Yesterday’s indictment of New York’s top construction union official on federal corruption charges raises a big question: if private companies are paying bribes to avoid having to work with certain construction unions, why is Governor Cuomo insisting that the state keep doing it?

James Cahill, who heads the statewide New York State Building and Construction Trades Council, was charged by the U.S. Attorney for the Southern District of New York with racketeering, fraud, and bribery. The indictment, which also names 11 other building trades union officials, alleges Cahill took bribes in return for letting a business avoid hiring plumbers belonging to Cahill’s former union.

As interpreted and enforced by the state Labor Department, New York’s “prevailing wage” law for public works projects mandates that contractors on taxpayer-funded public works projects adhere to unions’ contractual wage, benefits, work rules and manning levels.

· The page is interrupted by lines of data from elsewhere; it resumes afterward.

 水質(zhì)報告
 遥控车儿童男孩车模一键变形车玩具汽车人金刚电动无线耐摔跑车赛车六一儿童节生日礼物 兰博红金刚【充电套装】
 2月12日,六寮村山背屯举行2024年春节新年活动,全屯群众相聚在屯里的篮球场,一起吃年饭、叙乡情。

The problem with forcing union terms on contractors is summed up in a remark Cahill is alleged by the indictment to have made to an unnamed firm (with expletive deleted):

“If you become union, you’ll have 12 guys on your back.”

Federal prosecutors effectively are alleging that the unnamed firm, referred to in the indictment as “Employer 1,” found union contracts so onerous that it was less expensive to simply bribe Cahill and other union leaders. The indictment quotes Cahill as implying that Employer 1 wasn’t alone in making such arrangements.

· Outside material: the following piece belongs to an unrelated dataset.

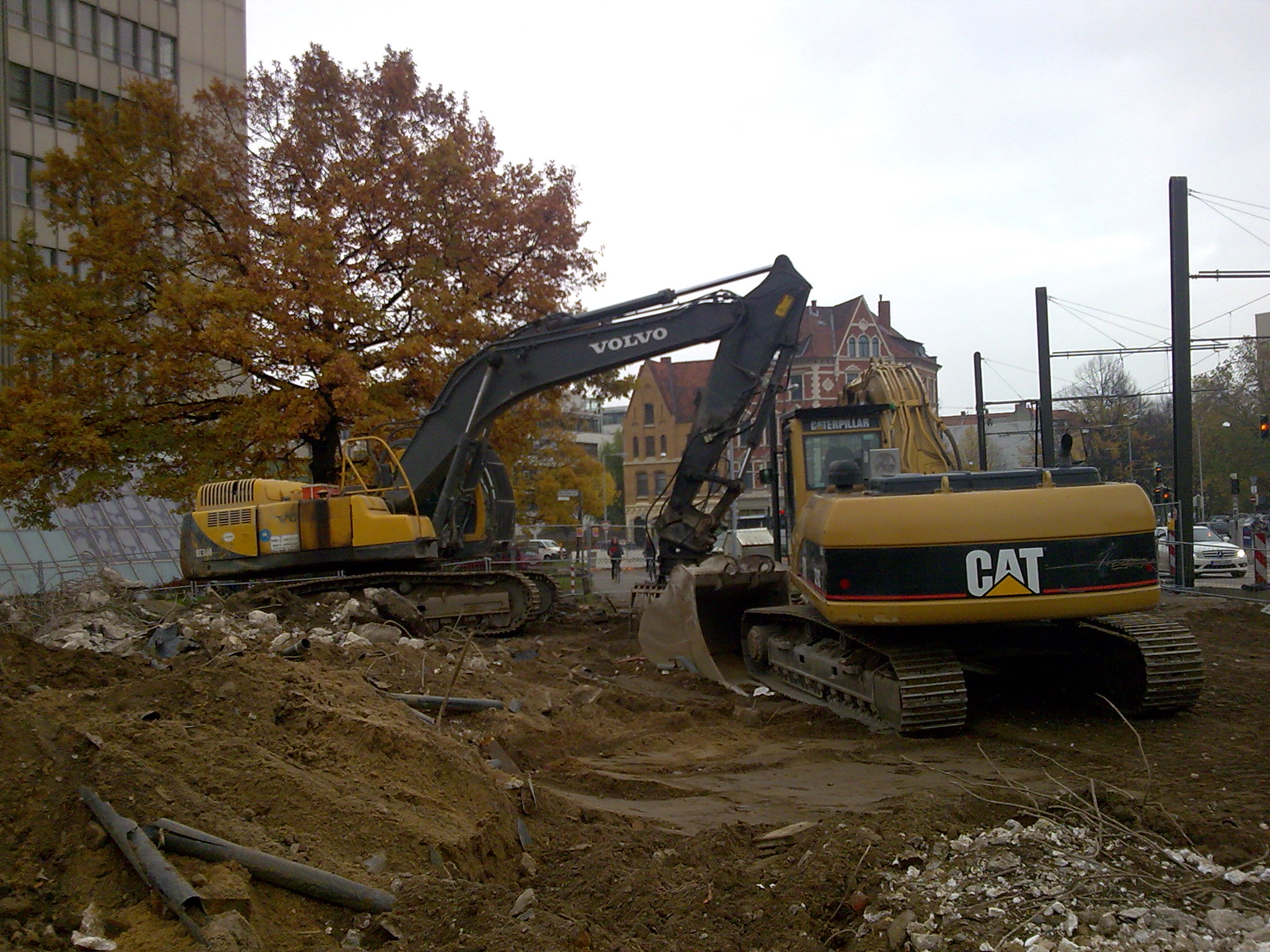 Friedlich stehen die Bagger am Freitag um 14:00 zusammen auf der Baustelle. Die Baggerführer stehen längst auf der A2 in Richtung Berlin im Stau und freuen sich auf ihr Herbstwochenende. Irgendwie wäre es ja schon verlockend mal ne Runde auf dem Spielplatz rumzufahren. Die Gefahr in der Ihme zu landen ist mir jedoch zu hoch. Somit lasse auch ich die Bagger in Ruhe. Mal sehen, vielleicht kommen sie sich über´s Wochenende noch näher und am Montag steht ein kleiner Bagger dabei. Mir liegen allerdings keine Informationen über die Tragezeiten von Baggern vor. Blöde Idee!!
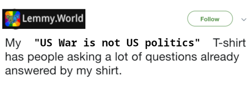 minus-square☂️-@lemmy.mllinkfedilinkarrow-up6·28 days agoholy shit, libs will trump bad all day until they have to talk about all the imperialism they do.

Construction firms that hire from union halls are at a disadvantage both in terms of costs and flexibility. Union contracts typically demand higher pay rates to backfill underfunded union pension and benefit funds, and employers get stuck using archaic union work rules that, for instance, prevent a carpenter from performing a duty reserved for a painter or an electrician.

Image credit: Associated Press

That’s led trade unions and unionized construction companies to press state officials for special rules to give them a leg-up. And they’ve found a welcome audience in Governor Cuomo, who described “Jimmy” in 2017 as “a good friend to me and my entire family for so long.”

The bigger scandal

The governor has done backflips to steer government construction work to firms that hire Cahill’s members (who make up less than 30 percent of the state’s construction workers). Cuomo in 2016 went so far as to vow “Every project we build is going to be built with organized labor — every project.”

The Cuomo administration routinely requires contractors to sign a project labor agreement (PLA)—a contract with local trade unions that typically restricts or bars non-union workers from being employed on a construction project. The state’s own data have shown time and again that mandatory PLAs decrease the number of eligible bidders and increase costs.

State law since the 1990s has allowed government agencies to require a PLA if they can demonstrate, albeit through dubious calculations and assumptions, that it furthers the public interest. But Cuomo has often ignored the law, and required PLAs even in instances when the state couldn’t meet its own weak standard.

The Cuomo administration in 2018, for instance, illegally required offshore wind developers to sign deals with downstate construction unions as a condition of getting multi-billion awards for state subsidies. Years earlier, state officials illegally required contractors building what’s now the SolarCity factory in Buffalo to do the same.

The state’s deepening fiscal crisis makes this an appropriate time for state lawmakers—and others—to look at the motivations, methods, and costs behind the favors that the Cuomo administration keeps doing for Cahill and his construction unions. And the allegations against Cahill demand a careful review of the extent to which he’s been given a say on major state policy decisions.